▸ Problem details
Please, without any pictures, set down exactly the part of the listing below that opens with the line containing "金融文化参讯-吉林(苗艳)2" and closes with the line containing "Concrete floors are an".

▸ Dataset entries
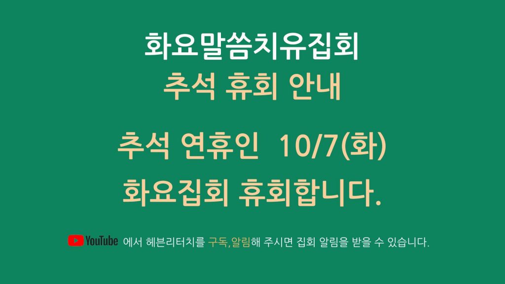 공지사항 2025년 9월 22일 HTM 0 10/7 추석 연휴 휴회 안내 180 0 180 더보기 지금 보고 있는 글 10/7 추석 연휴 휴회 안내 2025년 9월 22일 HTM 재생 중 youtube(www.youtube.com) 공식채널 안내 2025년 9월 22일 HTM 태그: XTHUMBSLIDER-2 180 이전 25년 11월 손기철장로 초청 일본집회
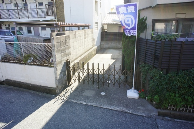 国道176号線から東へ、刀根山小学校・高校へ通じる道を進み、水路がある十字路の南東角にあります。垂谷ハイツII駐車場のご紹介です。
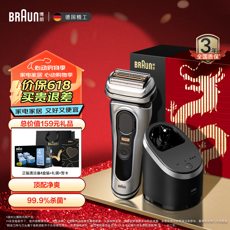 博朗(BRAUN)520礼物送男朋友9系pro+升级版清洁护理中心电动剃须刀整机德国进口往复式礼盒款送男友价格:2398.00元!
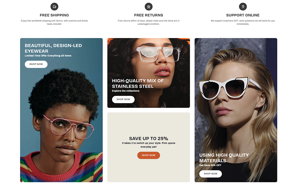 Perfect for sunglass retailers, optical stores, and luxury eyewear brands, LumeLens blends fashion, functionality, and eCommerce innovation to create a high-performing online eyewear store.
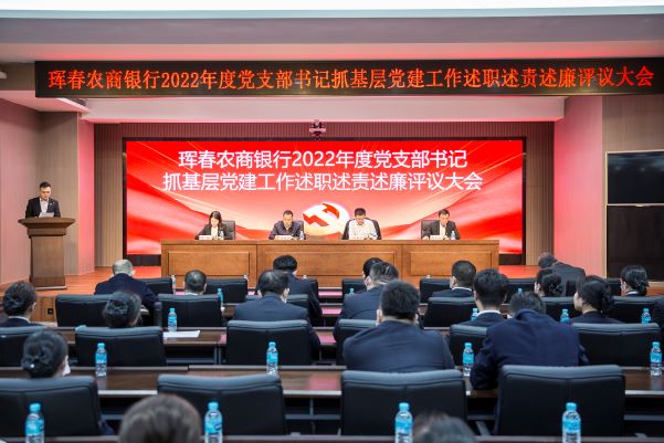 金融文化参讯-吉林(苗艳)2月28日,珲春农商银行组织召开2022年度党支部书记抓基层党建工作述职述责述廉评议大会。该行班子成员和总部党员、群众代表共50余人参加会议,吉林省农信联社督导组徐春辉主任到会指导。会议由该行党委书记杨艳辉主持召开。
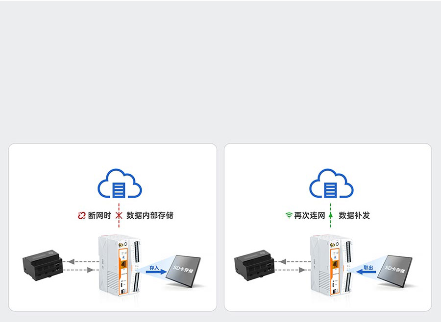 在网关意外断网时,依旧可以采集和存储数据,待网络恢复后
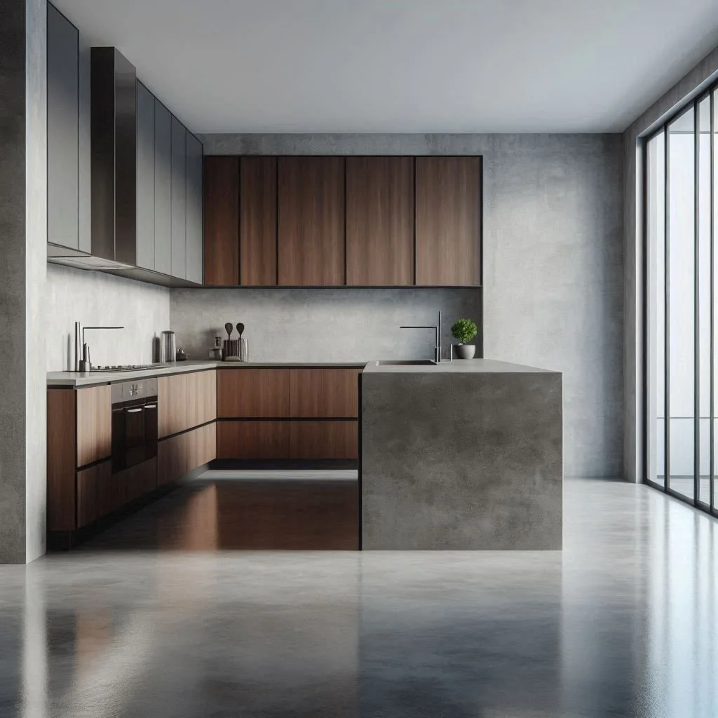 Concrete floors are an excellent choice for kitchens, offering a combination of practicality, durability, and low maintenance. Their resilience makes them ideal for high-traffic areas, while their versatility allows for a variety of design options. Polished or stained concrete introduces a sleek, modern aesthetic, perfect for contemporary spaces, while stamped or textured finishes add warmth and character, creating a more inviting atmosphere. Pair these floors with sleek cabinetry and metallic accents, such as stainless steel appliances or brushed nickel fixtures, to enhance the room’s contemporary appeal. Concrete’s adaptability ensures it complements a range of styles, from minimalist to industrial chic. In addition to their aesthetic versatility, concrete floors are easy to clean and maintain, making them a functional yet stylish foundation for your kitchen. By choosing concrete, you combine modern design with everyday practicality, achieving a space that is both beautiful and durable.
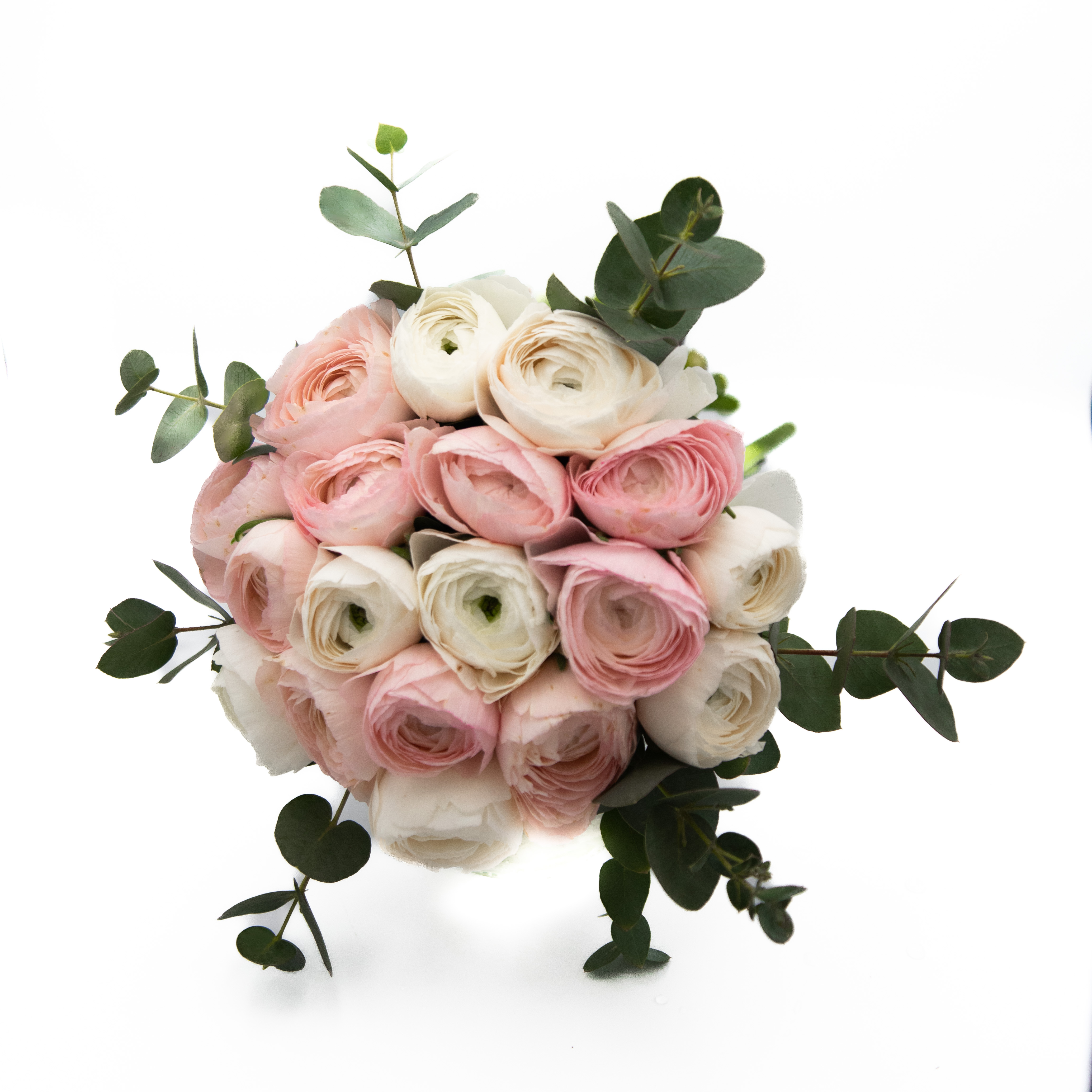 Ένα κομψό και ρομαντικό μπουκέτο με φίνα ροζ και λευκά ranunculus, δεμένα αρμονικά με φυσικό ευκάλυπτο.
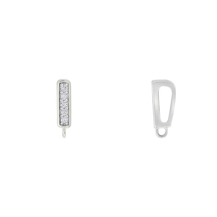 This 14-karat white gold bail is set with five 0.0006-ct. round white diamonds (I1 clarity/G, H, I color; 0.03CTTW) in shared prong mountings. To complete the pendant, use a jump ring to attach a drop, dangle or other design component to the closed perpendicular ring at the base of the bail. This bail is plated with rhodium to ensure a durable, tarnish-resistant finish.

▸ Written answer
 金融文化参讯-吉林(苗艳)2月28日,珲春农商银行组织召开2022年度党支部书记抓基层党建工作述职述责述廉评议大会。该行班子成员和总部党员、群众代表共50余人参加会议,吉林省农信联社督导组徐春辉主任到会指导。会议由该行党委书记杨艳辉主持召开。
 在网关意外断网时,依旧可以采集和存储数据,待网络恢复后
 Concrete floors are an excellent choice for kitchens, offering a combination of practicality, durability, and low maintenance. Their resilience makes them ideal for high-traffic areas, while their versatility allows for a variety of design options. Polished or stained concrete introduces a sleek, modern aesthetic, perfect for contemporary spaces, while stamped or textured finishes add warmth and character, creating a more inviting atmosphere. Pair these floors with sleek cabinetry and metallic accents, such as stainless steel appliances or brushed nickel fixtures, to enhance the room’s contemporary appeal. Concrete’s adaptability ensures it complements a range of styles, from minimalist to industrial chic. In addition to their aesthetic versatility, concrete floors are easy to clean and maintain, making them a functional yet stylish foundation for your kitchen. By choosing concrete, you combine modern design with everyday practicality, achieving a space that is both beautiful and durable.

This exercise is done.